Der vergleich zum klärschlammverfahren ist nicht so glücklich gewählt da bei helix & co wohl ehr das biofilm verfahren in die nähe kommt. Diese variante läuft auch schon perfekt an teichen bei deutlich reduzierten platzbedarf und wartungsaufwand, wobei die klärschlamm methode für teiche keine bedeutung hat.

Zu den durchrauschen, ein einfacher vergleich, wo hat man das sauberste wasser in einen rauschenden bach oder in einen stehenden tümpel, woraus würde man wohl seinen durst stillen wollen? Anregungen sollten immer dort geholt werden wo die meiste erfahrung vorliegt. Das ist aber leider nicht unbedingt bei den teichbauern vorhanden. Schaut mal bei den jungs vorbei die sich mit glaskisten im wohnzimmer beschäftigen. Dort beschäftigt man sich schon über 100 jahren mit der problematik, nicht erst seit 20 jahren. Hier ist es standart das dass behältervolumen 2 x pro stunde den filter passiert, habe auch schon anlagen gesehen mit 5 x/h. Der leitsatz heist erwische ich das belastet molekül nicht beim ersten mal kommt es gleich noch mal vorbei, je öfter je höher die warscheinlichkeit. Viele gut gepflegte aquarien beweisen das es geht. Auch an teichen funktioniert das, nur jemanden zu verklickern, wie hier bei frank, den filter mit stündlich 100m³ zu fahren dürfte etwas schwer werden. Alleine schon vom kostenfaktor her, da wäre man mit ca. 1kw pro stunde dabei, aber es existiert die technik es mit ca. 0,3 kw zu bewerkstelligen.
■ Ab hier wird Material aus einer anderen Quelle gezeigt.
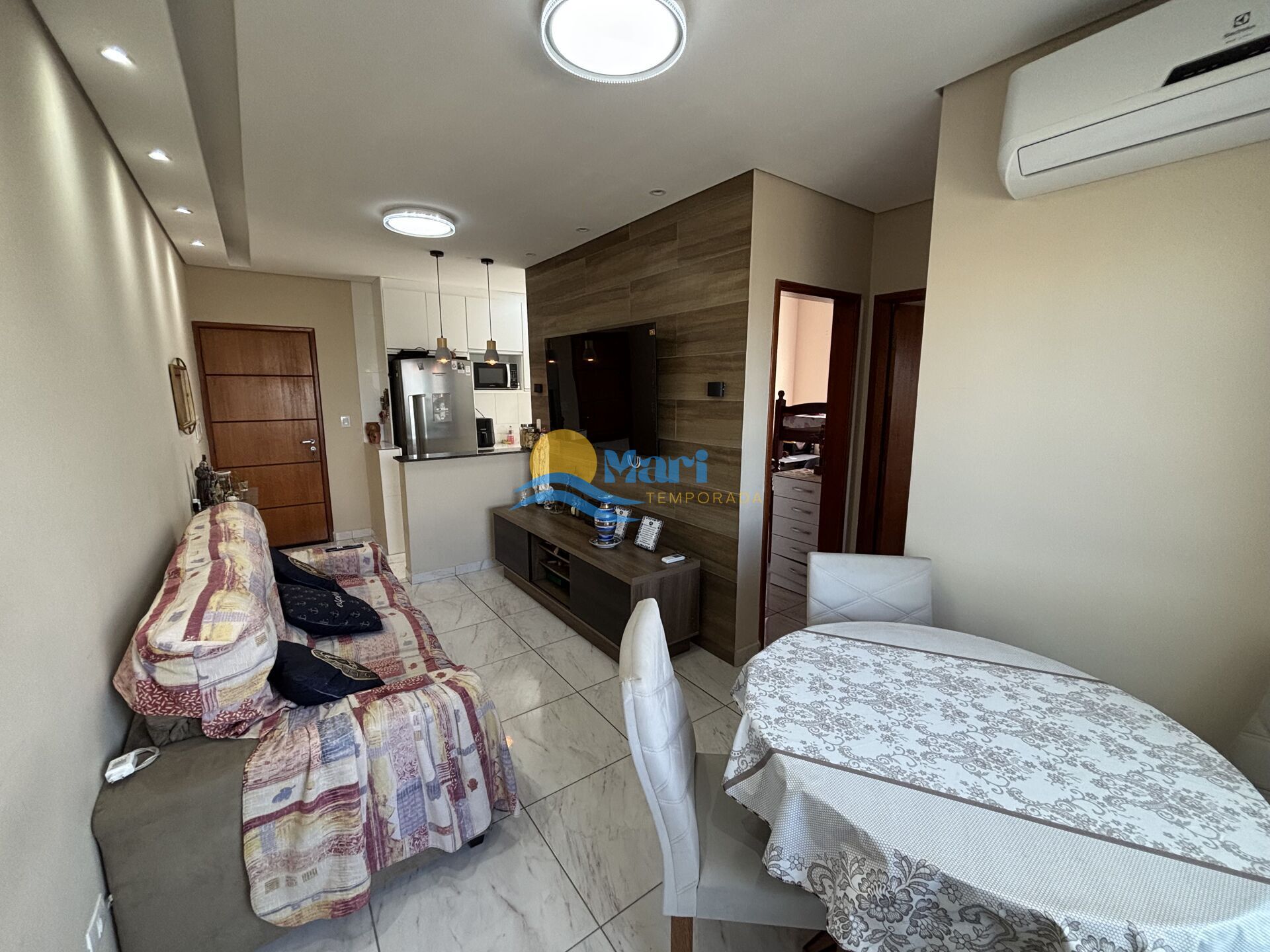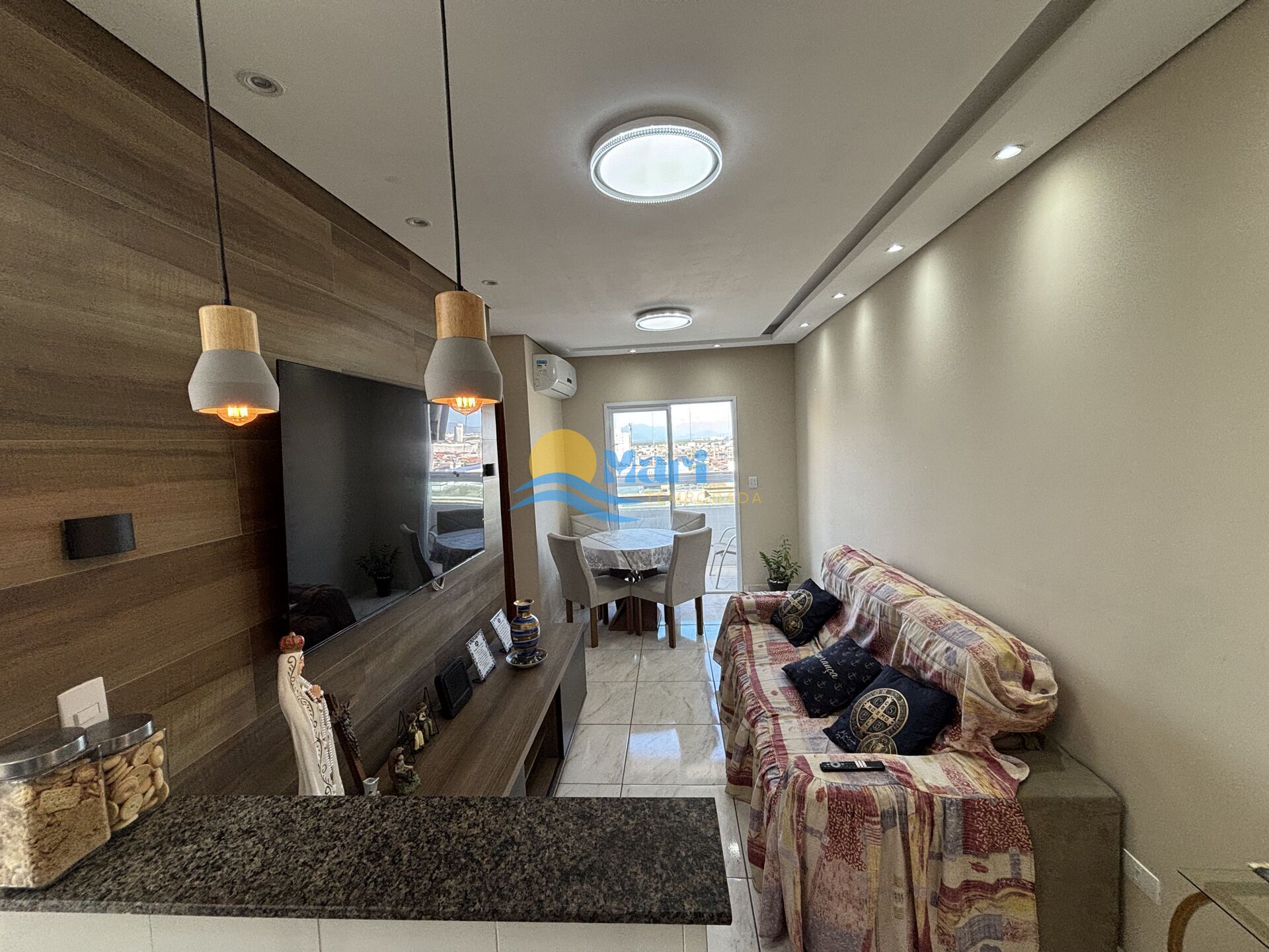 Apartamento à venda no bairro Ocian em Praia Grande, SP. 2 dormitórios, sala dois ambientes com sacada envidraçada e vista livre, cozinha planejada, área de serviço, banheiro social e uma vaga de garagem.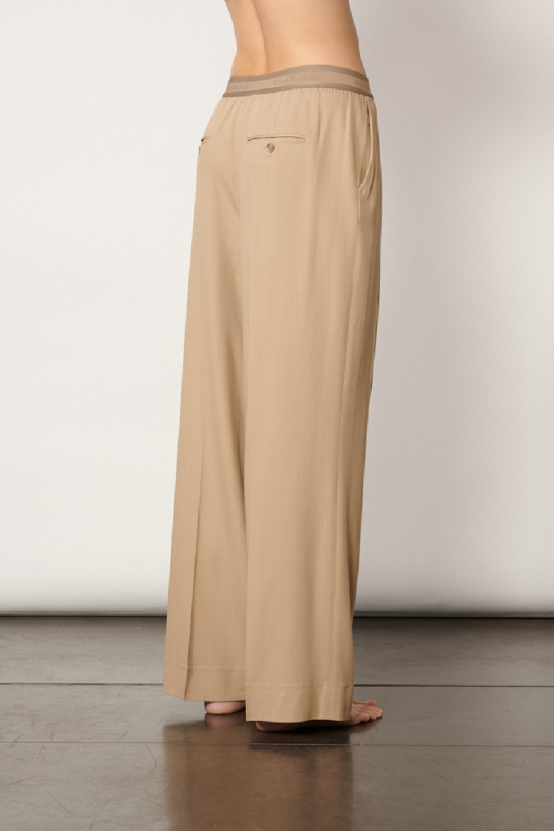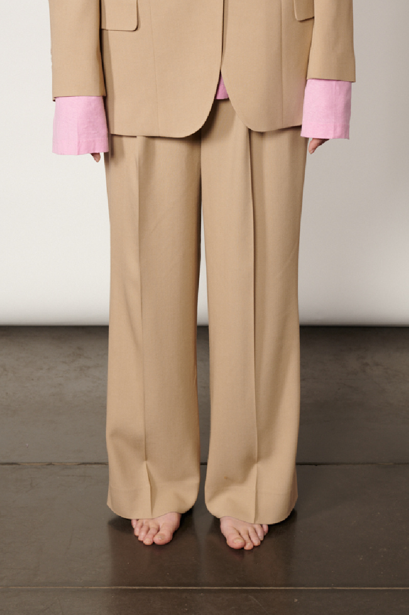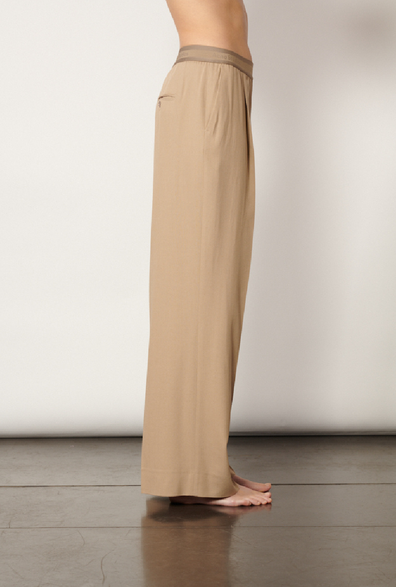 Pantalon beige de la marque Acne Studios, en laine mélangée avec un tissage sergé, offrant un tombé fluide.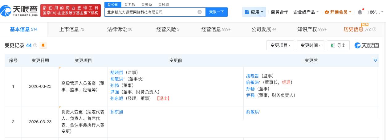 天眼查工商信息显示,近日,东方甄选关联北京新东方迅程网络科技有限公司发生工商变更,孙东旭卸任法定代表人、董事、经理,俞敏洪接任法定代表人、经理。
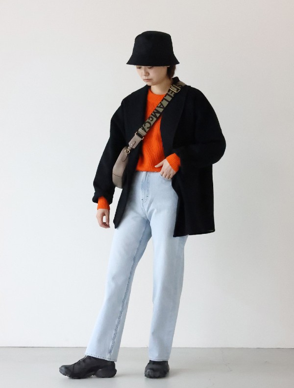今回はオレンジのニットとのレイヤードを見せたいので袖を折り返して着用しています。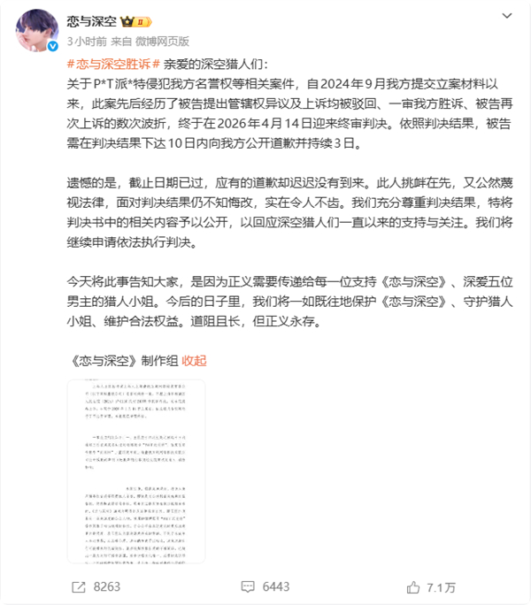 快科技4月25日消息,《恋与深空》官方发布公告,公开与歌手派克特名誉权纠纷案的终审判决书,案件已终审胜诉,但对方逾期未按判决要求公开道歉,官方表示将依法申请强制执行。
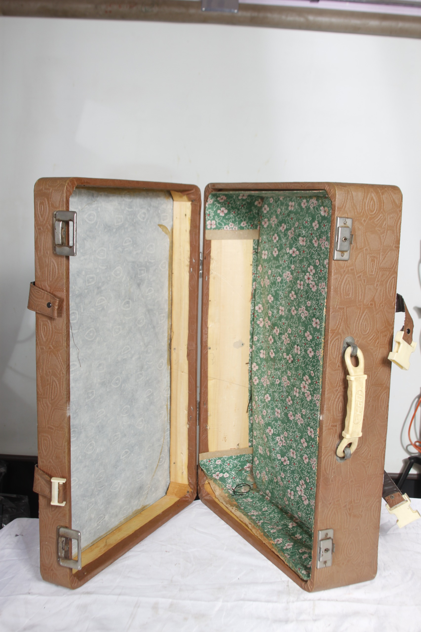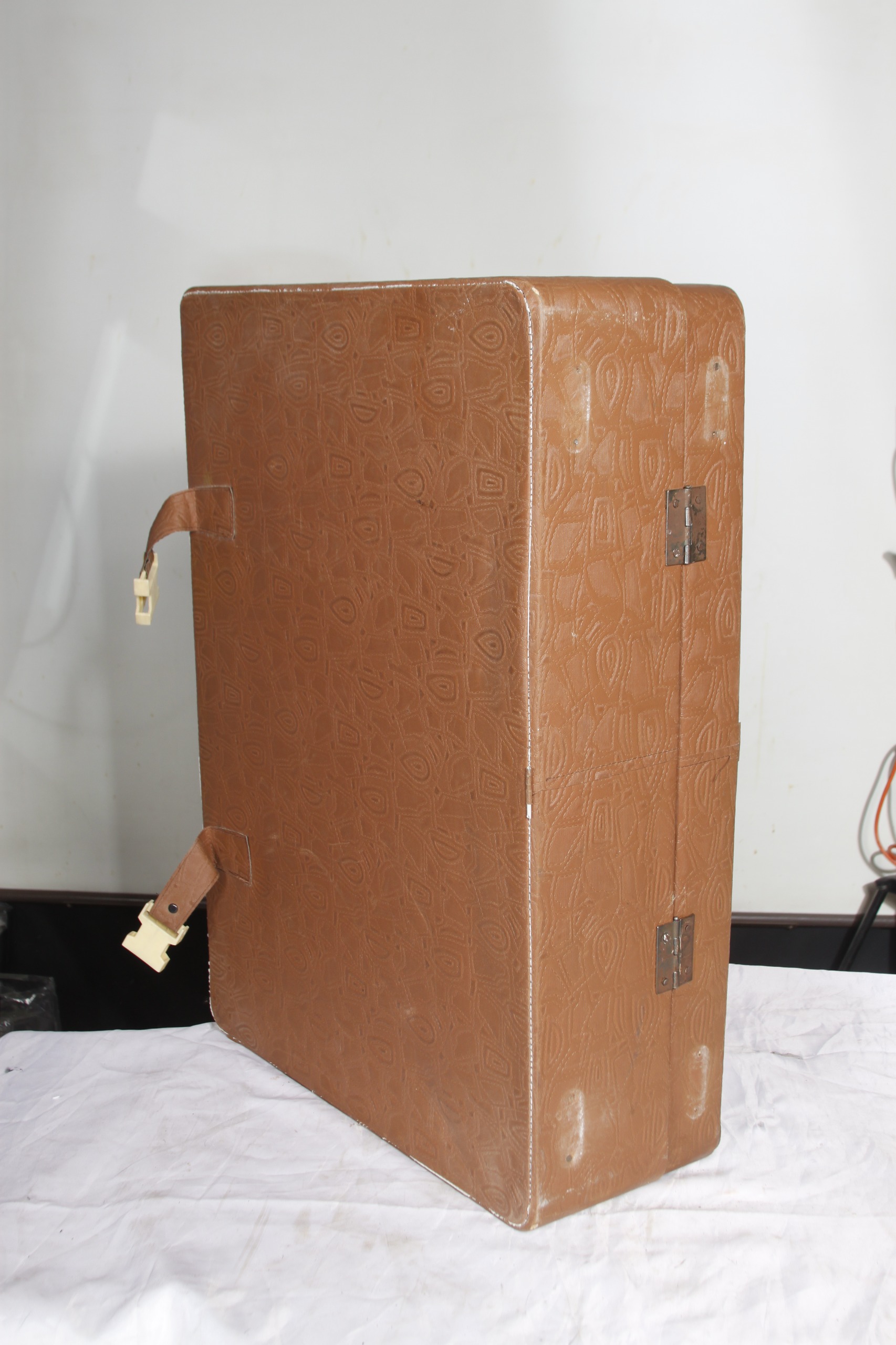 این چمدان سایز متوسط هست حدود 40 در 60 هست و رنگش زیبا و نوع جنس بدنه ی چمدان نقش داره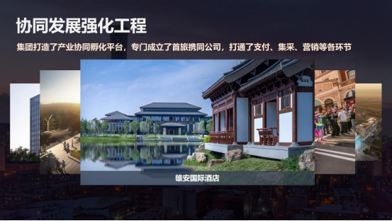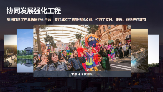 三是协同开展强化工程。首旅集团拥有丰富的业态、庞大的管理架构和众多的变革企业,对于我们来说,协同开展是永恒的命题。在集团内部协同方面,集团打造了产业协同和孵化平台,还专门创建了首旅协同公司,顺利获得支付、集采、营销等各个环节进一步整合了内部资源。同时,集团以服务北京城市副中心的功能建设为起点,累计投资建设了环球影城度假区、首旅集团总部大厦,以及“颐和Live”等重点项目,并加强在京津冀文旅领域的战略合作,与天津文旅集团和河北文旅集团签署了战略合作协议。同时,我们也深度参与了雄安新区的文旅建设。

Womit wir wieder bei o. g. angekommen sind, aber werbeetats wie für den roten bullen sind noch nicht in sicht.

gruß luci


----------



## derschwarzepeter (28. Feb. 2011)

*AW: Wasserumwälzung  bei 50m3 warum große Pumpe*

Hi Luci,
freut mich, von dir zu lesen! Ich musste sehr lachen, 
als ich das mit dem "edlen Carbon- und Edelstahlkleid" für Mammutpumpen gelesen hab,
aber ich habe doch tatsächlich schonmal im web gesehen,
dass eine Firma eine Mammutpumpe für Teiche um knapp 800 € anbietet. 
Weil´s grad so schön zum off topic passt:
Heute haben wir die Aquarienanlage für einen Freund geplant, der doch viele Jahre trocken war.
Auf seine Frage nach dem Filter habe ich im den Hamburger Mattenfilter nahegelegt
und als alter Hase hat der dessen enorme Vorteile gleich erkannt.
(enorme Abbauleistung, kein Ansaugen von Jungfischen und Futtertieren, 
keine Schläuche oder Geräte außerhalb des Aquariums, lange Standzeit, einfache Wartung, ...)
Dass der so nebenbei erschütternd billig ist (wenige Prozente der spacigen Filter aus dem Handel),
schadet ja nicht, oder?
Werbung dafür wird aber natürlich kein Händler machen!  

Zum Thema:
Wie du ganz richtig festgestellt hast, ist meine Erklärung stark vereinfacht und verkürzt,
bringt aber doch des Pudels Kern auf den Tisch. (Eine Moderatorin wollte, dass ich mich kürzer fasse.)
Den Vergleich mit dem Klärschlammverfahren habe ich gebracht, weil ich damit zeigen wollte, 
dass der hohe Sauerstoffgehalt nicht zwangsläufig nur mit hohen Volumenströmen erreicht werden muss.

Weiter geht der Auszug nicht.